═══ SUPPLIED RECORDS
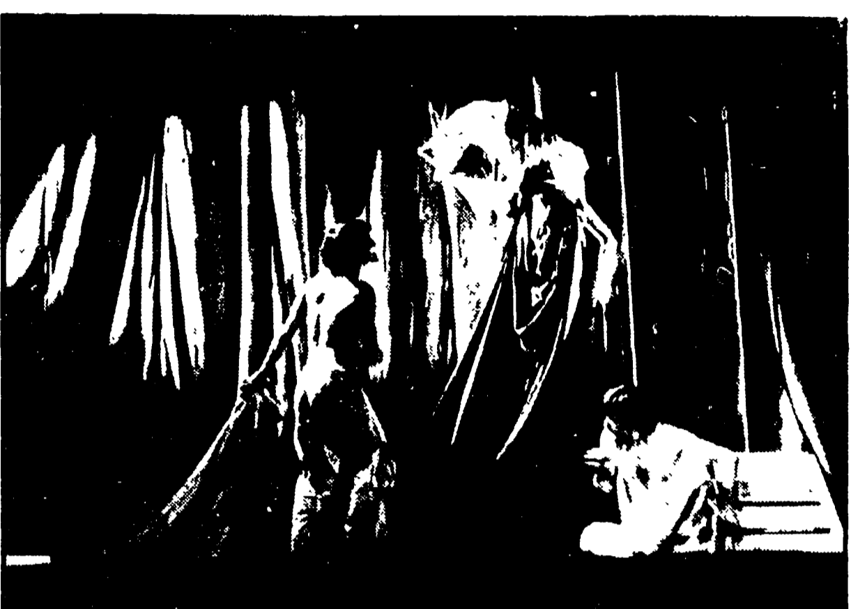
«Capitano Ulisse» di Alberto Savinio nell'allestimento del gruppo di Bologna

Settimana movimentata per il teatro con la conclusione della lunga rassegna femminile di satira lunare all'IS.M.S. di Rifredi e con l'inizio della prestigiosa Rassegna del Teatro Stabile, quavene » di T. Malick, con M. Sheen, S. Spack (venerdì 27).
══════
═══ SUPPLIED RECORDS
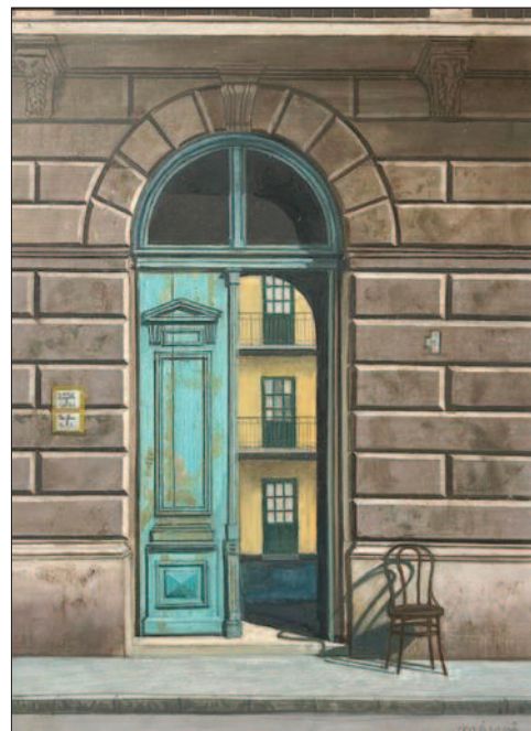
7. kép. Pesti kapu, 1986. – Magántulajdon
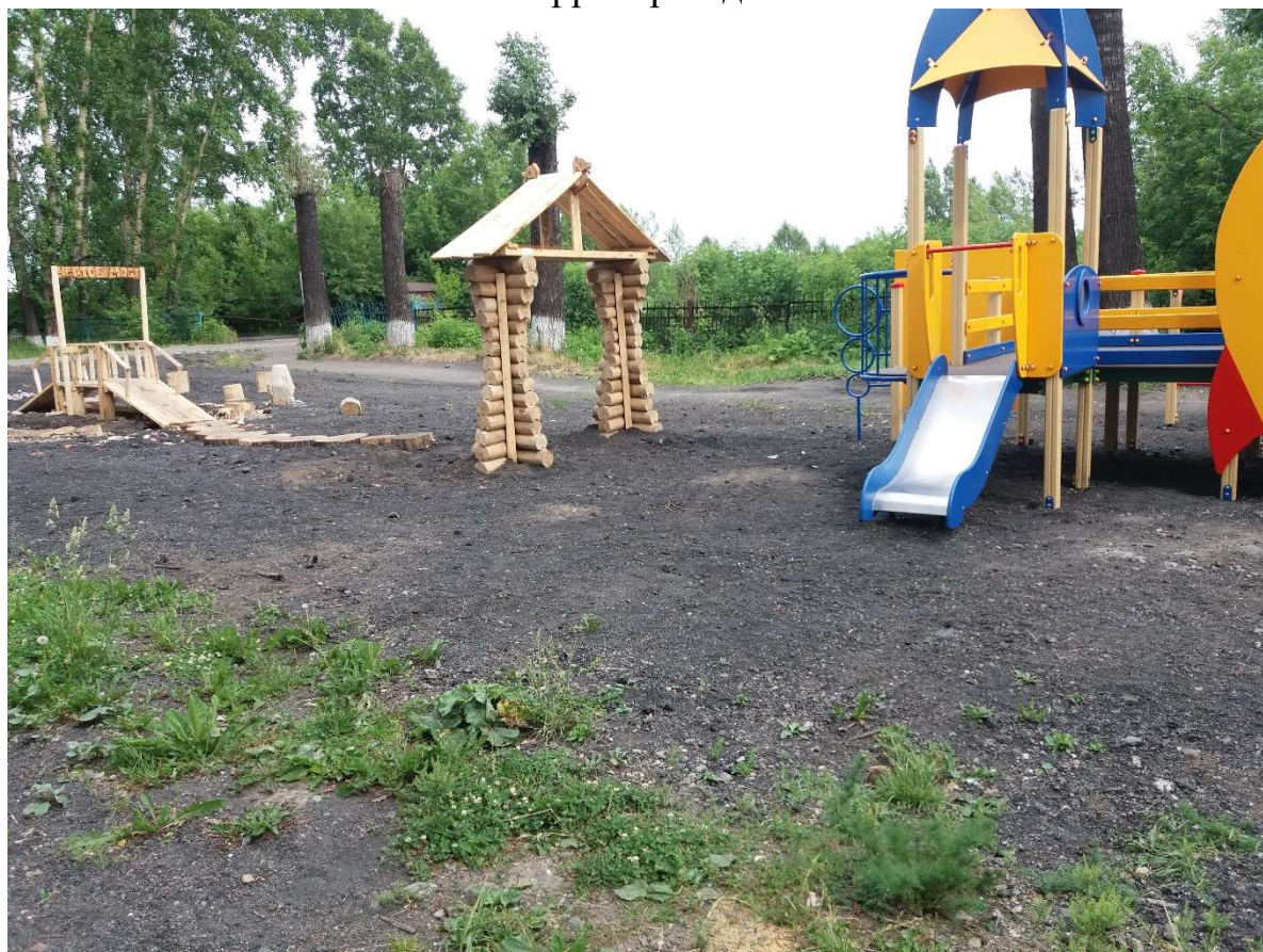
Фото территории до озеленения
══════
* **WHAT YOU ARE ASKED TO DO**:
Look above for the line holding "gruppo di Bologna", then set down exactly that line and every line after it up to and including the line holding "Settimana movimentata per", with nothing else.

* **SOLUTION TO THE PROBLEM**:
«Capitano Ulisse» di Alberto Savinio nell'allestimento del gruppo di Bologna

Settimana movimentata per il teatro con la conclusione della lunga rassegna femminile di satira lunare all'IS.M.S. di Rifredi e con l'inizio della prestigiosa Rassegna del Teatro Stabile, quavene » di T. Malick, con M. Sheen, S. Spack (venerdì 27).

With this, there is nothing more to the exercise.